Extragonadal germ cell tumors of the head and neck constitute about 5% of germ cell tumors [1,2,3]. Yolk sac tumors more frequently occur in gonadal sites than in extragonadal locations. Rare variants of malignant extragonadal germ cell tumors in the head and neck region include intracranial yolk sac tumors, primary orbital yolk sac tumors, and optic pathway yolk sac tumors [4]. Previous studies have reported that primary yolk sac tumors can involve different sites in the head and neck region including; the left pterygoid region, upper lip, para-pharyngeal and skull base, posterior fossa, floor of the mouth, and right masticator space and orbits [5,6,7,8,9,10,11].
Radiographic features of this tumor were nonspecific with MRI findings of a heterogenous soft tissue mass in the orbit and surrounding tissues being reported. CT scans usually showed bony involvement with erosive changes with orbital involvement of variable degrees. [5, 7, 16,17,18]. The tissue biopsy and the CSF oncoproteins helped to reach the diagnosis in our case [12].
Thus, serum and CSF AFP are important tumor biomarkers for assessment of the therapeutic effect, and predictions of progressive disease or relapse during the follow-up period in children with yolk sac tumors. His pathologically, major histologic characteristics include Schiller-Duval bodies, a festoon-like pattern, a hepatoid pattern with hyaline globules, and a poly vesicular vitelline pattern, and immunohistochemically identified AFP is also a pivotal biomarker for the diagnosis of childhood yolk sac tumor [6, 11, 12].
The mainstay of treatment recommended for most extragonadal germ cell tumors in the intracranial and head and neck region includes a multidisciplinary approach including surgical resection of the mass and systemic chemotherapy [11]. A multiagent systemic chemotherapy regimen, including bleomycin, etoposide, cisplatin/carboplatin, cyclophosphamide, ifosfamide, vincristine, and 5-fluorouracil, has significantly improved the outcome of primary yolk sac tumors in the orbital region [12]. Radiation can be given as adjuvant and palliative management for advanced cases [1, 13,14,15].

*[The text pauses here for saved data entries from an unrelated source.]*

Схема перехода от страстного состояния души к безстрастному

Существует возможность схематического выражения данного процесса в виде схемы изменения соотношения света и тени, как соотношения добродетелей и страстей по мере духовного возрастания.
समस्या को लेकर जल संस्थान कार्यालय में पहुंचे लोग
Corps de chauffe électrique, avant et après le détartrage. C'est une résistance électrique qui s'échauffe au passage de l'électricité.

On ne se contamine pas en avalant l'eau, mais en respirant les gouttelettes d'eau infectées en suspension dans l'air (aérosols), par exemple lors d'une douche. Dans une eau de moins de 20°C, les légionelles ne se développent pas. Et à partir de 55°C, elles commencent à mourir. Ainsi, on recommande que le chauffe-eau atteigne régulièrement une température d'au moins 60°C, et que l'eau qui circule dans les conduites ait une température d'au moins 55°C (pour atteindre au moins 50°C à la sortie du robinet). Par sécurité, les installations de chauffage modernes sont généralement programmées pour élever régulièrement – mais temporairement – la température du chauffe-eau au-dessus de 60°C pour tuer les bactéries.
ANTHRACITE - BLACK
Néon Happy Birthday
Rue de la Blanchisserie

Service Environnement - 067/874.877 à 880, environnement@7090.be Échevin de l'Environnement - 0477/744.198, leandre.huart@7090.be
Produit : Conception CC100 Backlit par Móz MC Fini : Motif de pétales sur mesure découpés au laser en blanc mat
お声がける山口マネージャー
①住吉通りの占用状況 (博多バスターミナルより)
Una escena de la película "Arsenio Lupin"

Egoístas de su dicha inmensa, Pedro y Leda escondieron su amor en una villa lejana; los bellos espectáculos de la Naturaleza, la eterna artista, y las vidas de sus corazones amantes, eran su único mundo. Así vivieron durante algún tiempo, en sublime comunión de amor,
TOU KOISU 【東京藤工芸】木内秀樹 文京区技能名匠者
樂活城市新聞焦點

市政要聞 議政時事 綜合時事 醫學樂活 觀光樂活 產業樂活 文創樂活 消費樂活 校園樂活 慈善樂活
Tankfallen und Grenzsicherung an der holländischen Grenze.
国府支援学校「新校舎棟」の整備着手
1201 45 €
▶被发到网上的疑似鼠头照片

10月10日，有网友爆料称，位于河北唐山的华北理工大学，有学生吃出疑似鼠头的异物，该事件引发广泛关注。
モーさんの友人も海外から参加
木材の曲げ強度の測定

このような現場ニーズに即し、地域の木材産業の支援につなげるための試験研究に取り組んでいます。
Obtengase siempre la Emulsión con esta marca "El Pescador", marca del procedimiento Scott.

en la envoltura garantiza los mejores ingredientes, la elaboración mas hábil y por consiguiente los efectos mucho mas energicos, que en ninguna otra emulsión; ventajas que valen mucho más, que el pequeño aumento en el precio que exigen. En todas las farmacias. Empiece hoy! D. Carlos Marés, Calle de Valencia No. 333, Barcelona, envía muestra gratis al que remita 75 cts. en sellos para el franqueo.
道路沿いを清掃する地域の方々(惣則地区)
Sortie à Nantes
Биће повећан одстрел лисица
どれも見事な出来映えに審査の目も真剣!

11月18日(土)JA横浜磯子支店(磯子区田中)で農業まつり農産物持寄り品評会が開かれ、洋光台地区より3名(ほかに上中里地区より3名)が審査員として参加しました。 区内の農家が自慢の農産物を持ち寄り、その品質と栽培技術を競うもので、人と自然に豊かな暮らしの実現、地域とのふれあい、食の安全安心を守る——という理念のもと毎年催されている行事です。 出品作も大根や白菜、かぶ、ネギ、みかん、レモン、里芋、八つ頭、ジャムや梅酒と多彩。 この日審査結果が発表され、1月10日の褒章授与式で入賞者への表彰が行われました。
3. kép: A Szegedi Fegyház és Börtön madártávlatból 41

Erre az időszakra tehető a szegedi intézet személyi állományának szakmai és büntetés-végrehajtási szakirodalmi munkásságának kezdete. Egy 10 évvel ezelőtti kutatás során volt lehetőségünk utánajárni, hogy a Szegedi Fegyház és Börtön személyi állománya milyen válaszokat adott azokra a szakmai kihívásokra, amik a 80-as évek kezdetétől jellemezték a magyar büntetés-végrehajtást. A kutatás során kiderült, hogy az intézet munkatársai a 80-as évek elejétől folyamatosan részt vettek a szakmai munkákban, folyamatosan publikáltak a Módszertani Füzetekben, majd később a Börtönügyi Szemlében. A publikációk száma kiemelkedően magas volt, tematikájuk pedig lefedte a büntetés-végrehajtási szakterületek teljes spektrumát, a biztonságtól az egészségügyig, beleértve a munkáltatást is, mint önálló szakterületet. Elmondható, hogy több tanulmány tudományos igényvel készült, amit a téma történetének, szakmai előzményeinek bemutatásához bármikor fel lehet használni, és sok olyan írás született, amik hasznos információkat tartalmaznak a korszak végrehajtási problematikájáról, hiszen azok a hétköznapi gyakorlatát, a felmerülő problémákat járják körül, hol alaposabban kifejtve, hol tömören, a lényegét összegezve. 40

In our case, the infant underwent radical left globe exenteration, left pterional craniotomy, and subtotal resection of the tumor. The histopathology and the AFP biomarkers confirmed the diagnosis of the primary intracranial yolk sac tumor. The child started on systemic multiagent chemotherapy with carboplatin, etoposide, and bleomycin, and took two cycles. But despite the multimodal therapy the child developed progressive disease and passed away after four months of diagnosis.